Wednesday, May 25, 2011

Re-reading Xaipe by e.e. cummings

I originally posted this over at Goodreads, but thought I'd post my waffling on here too, to make up for the sudden dearth of blogging!

e.e. cummings has been my favourite poet since high school. I carry a 'selected poems' around in my handbag (for emergencies), but it's always interesting to revisit a whole book, rather than just what someone else thought was a 'best of'. You get standout poems that don't make it into other collections, alongside lesser ones. Xaipe (pronounced "Khai-er-ree" to rhyme with 'fiery') means 'rejoice' in Greek, and the collection is often movingly joyous.

Cummings sometimes gets accused of being sentimental, deliberately impossible to read, and even casually racist. I can see how he could be read thus.

But I think his playfulness rescues him from sentimentality (I adore his poems about children):

if a cheerfulest Elephantangelchild should sit


(holding a red candle over his head

by a finger of trunk,and singing out of a red


book)on a proud round cloud in a white high night



where his heartlike ears have flown adorable him

self tail and all(and his tail's red christmas bow)

--and if,when we meet again,little he(having flown

even higher)is sunning his penguinsoul in the glow



of a joy which wasn't and isn't and won't be words



while possibly not(at a guess)quite half way down

to the earth are leapandswooping tinily birds

whose magical gaiety makes your beautiful name--



i feel that(false and true are merely to know)

Love only has ever been,is,and will ever be,So



His impossibility - shredded/recombined words and absurd punctuation litters his poems - suits the way I read poetry. I just read it headlong, straight through the first time, not pausing over words, punctuation or to try think or match up the parentheses. And interestingly when I go back for a second look, the image I've got the first time around usually still stands up.

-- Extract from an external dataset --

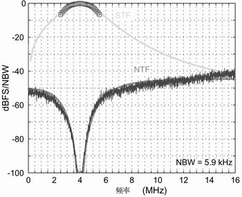 如图4所示,调制器的通带设计为fCLK/8,较好地协调了期望噪声密度和测量噪声密度。同时,图4描述了一个信号传递函数(STF)。所测量的STF很平坦,在大约500KHz的范围内,每100KHz下降0.1dB。
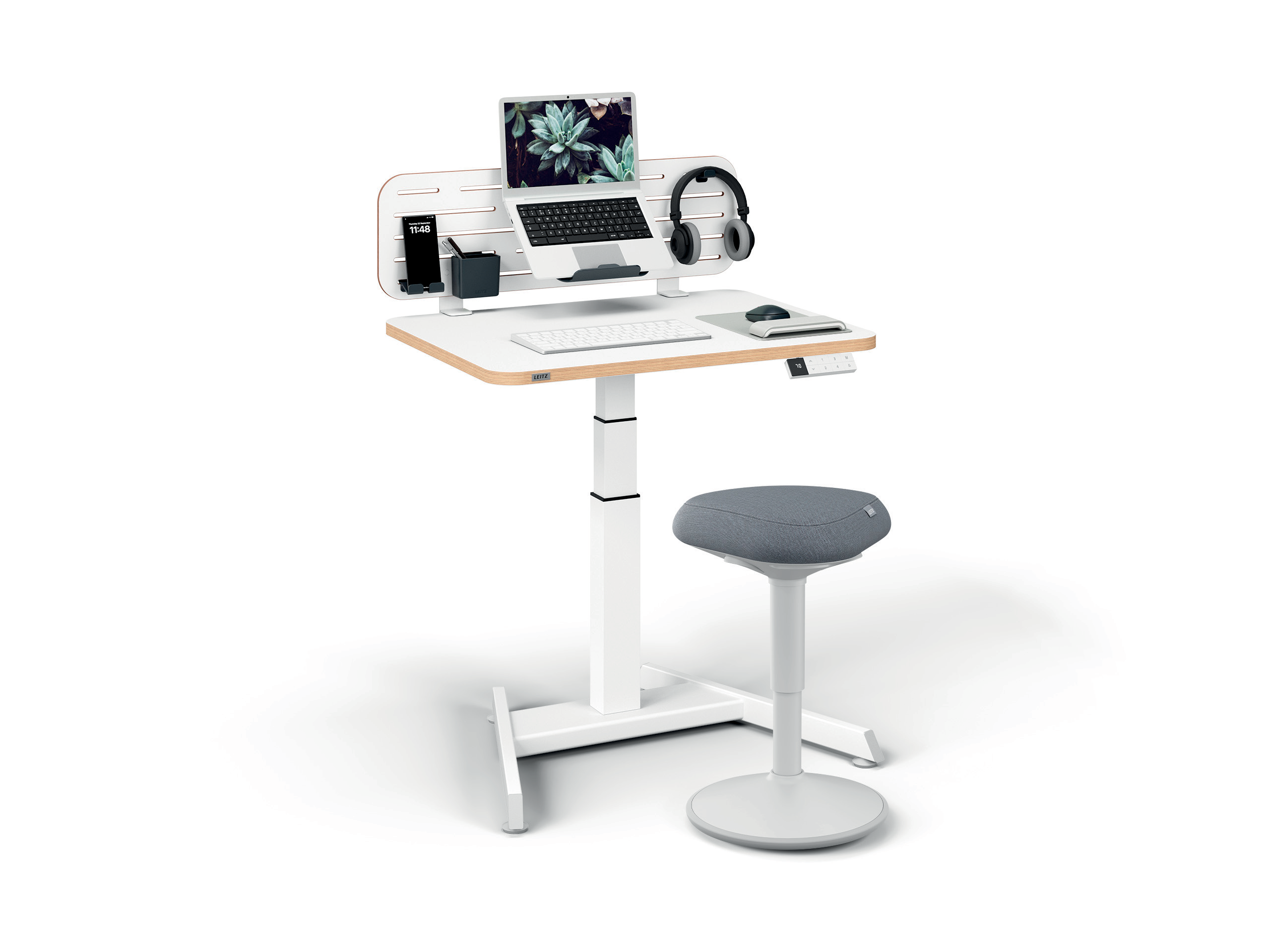 Niewielkich rozmiarów biurko do pracy na stojąco i siedząco zaprojektowano tak, aby ulepszyc i wynieśc Twoje miejsce pracy na nowy poziom!

Try it yourself:

the little horse is newlY


Born)he knows nothing,and feels

everything;all around whom is



perfectly a strange

ness(Of sun

light and of fragrance and of



Singing)is ev

erywhere(a welcom

ing dream:is amazing)

a worlD.and in



this world lies:smoothbeautifuL

ly folded;a(brea

thing a gro



Wing)silence,who;

is:somE



oNe.


Cummings himself responded to the racist controversy (mainly around his line "a kike is the most dangerous") in typically cryptic fashion:

'Cummings' "Good American point," as he told Allen Tate, was "that the kike isn't(helas) a Jew..." (but is an invention of Gentile society).' (quote from the inner flyleaf of Xaipe).

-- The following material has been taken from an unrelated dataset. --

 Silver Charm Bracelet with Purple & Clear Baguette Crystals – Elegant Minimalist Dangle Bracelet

I loved revisiting Xaipe. It's flawed and joyous and sometimes extremely funny:

o to be in finland
now that russia's here)



swing low

sweet ca



rr

yon



(pass the freedoms pappy or

uncle shylock not interested


Additionally, when I re-read it, a copy of poem by Gwendolyn Brooks that I had been trying to remember for ages (When You Have Forgotten Sunday: The Love Story) fell out - I'd been using it as a bookmark! Brilliant.